La medicalización con neurolépticos es además el gran negocio de la industria farmacéutica. Los precios se han multiplicado por mil y no está justificado que los nuevos sean más eficaces —como reconoce la propia industria neuroléptica— que los antiguos. Producen menores efectos secundarios, pero no son más eficaces contra la psicosis.

Aparece, pues, una nueva coalición de intereses: la administración que no quiere largas estancias, los laboratorios farmacéuticos que quieren negocio, y los propios médicos.

No hay hoy ningún congreso de psiquiatría que se haga sin la ayuda de los grandes laboratorios. Todas las asociaciones están subvencionadas y patrocinadas por los laboratorios (... )Ningún psiquiatra puede pagar las cuotas congresuales o los hoteles sin el soporte de la industria.
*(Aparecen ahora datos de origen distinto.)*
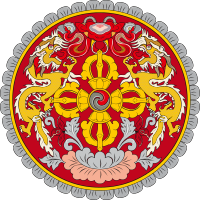 O brasão de armas mantém vários elementos da bandeira do Butão, ligeiramente diferentes dos originais, e contém muito simbolismo budista. A designação oficial é: "O emblema nacional, contido num círculo, é composto por um duplo diamante-raio (dorji) colocado acima de um loto, encimado por uma joia e emoldurado por dois dragões. O raio representa a harmonia entre o poder secular e o poder religioso. O lótus simboliza pureza, a joia manifesta o poder soberano, e os dois dragões, macho e fêmea, defendem o nome do país que proclama com a sua grande voz, o trovão". |
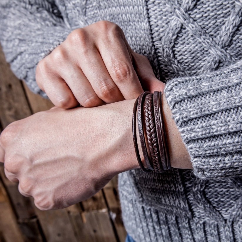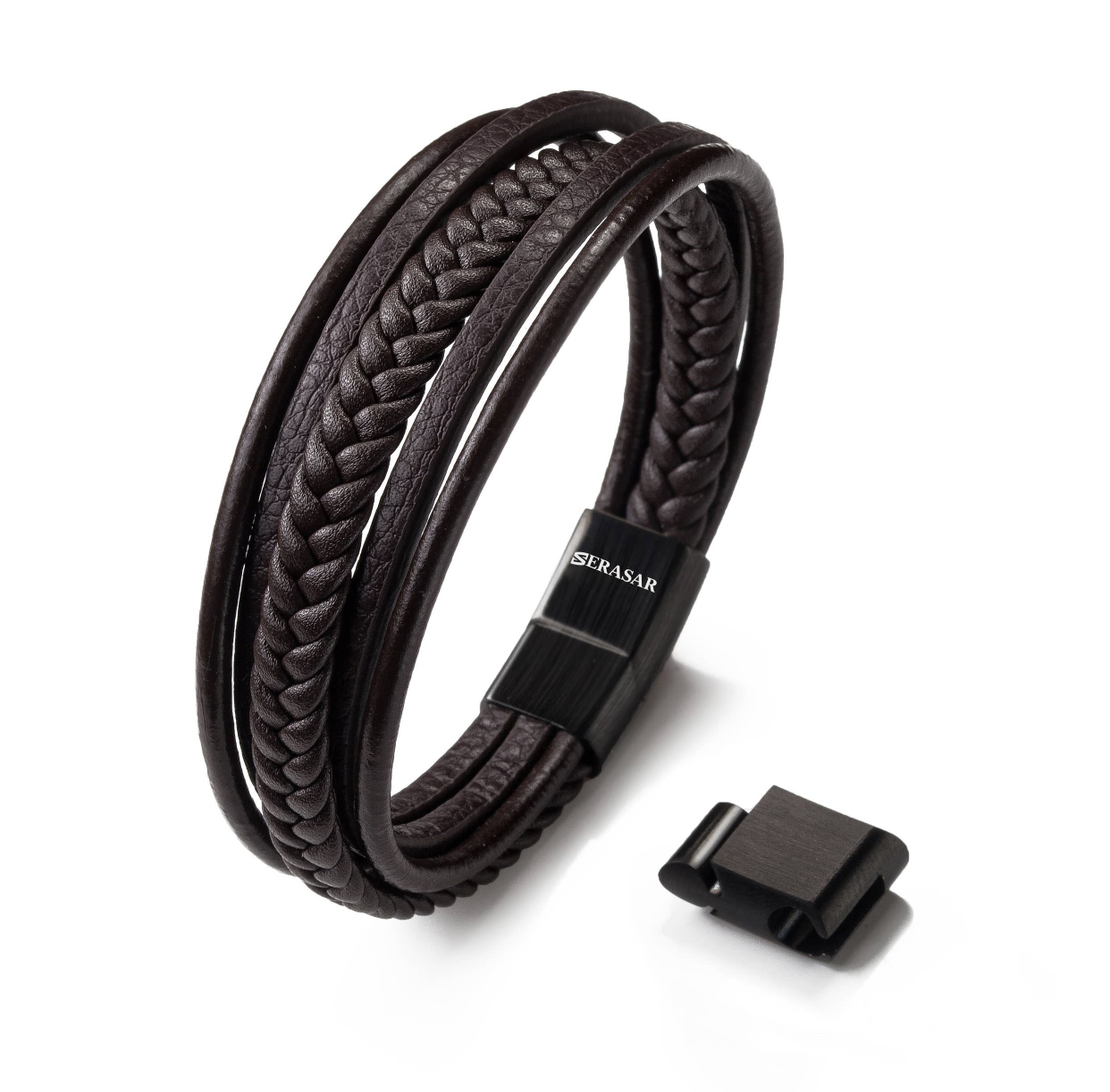 Svart lærarmbånd med flette og magnetisk lås fra Serasar. Mulighet for å justere på lengden med avtagbar del i låsen. Enkelt men tøft armbånd.

Y en esta coalición de intereses lo que ha desaparecido, lamentablemente, es el discurso del paciente. (...)

Hoy hay un número 20 o 30 veces mayor de pacientes atados —atados literalmente— a las camas. Y ello es en respuesta a las medidas pedidas por los familiares. Efectivamente, cuanta más libertad hay, más posibilidades se dan de que uno se escape, o de que haya un suicidio. Los problemas se judicializan inmediatamente, el personal sanitario se acojona, y así llegamos a las unidades hospitalarias para salud mental que tenemos hoy, en las que en 15 días tienes que resolver un cuadro imposible de resolver en ese tiempo, y donde los pacientes están encerrados, atados, supervigilados y presionados por todo el mundo.

(...) Bertolt Brecht decía que solo al que le queman los pies en la cabaña se decide a salir afuera sin reparar si llueve o truena. “Solo de los sin esperanza nos viene la esperanza”; es el final de un libro de Marcuse que sirvió de programa a mi generación. En ambas citas quiero ver esas posibilidades de cambio.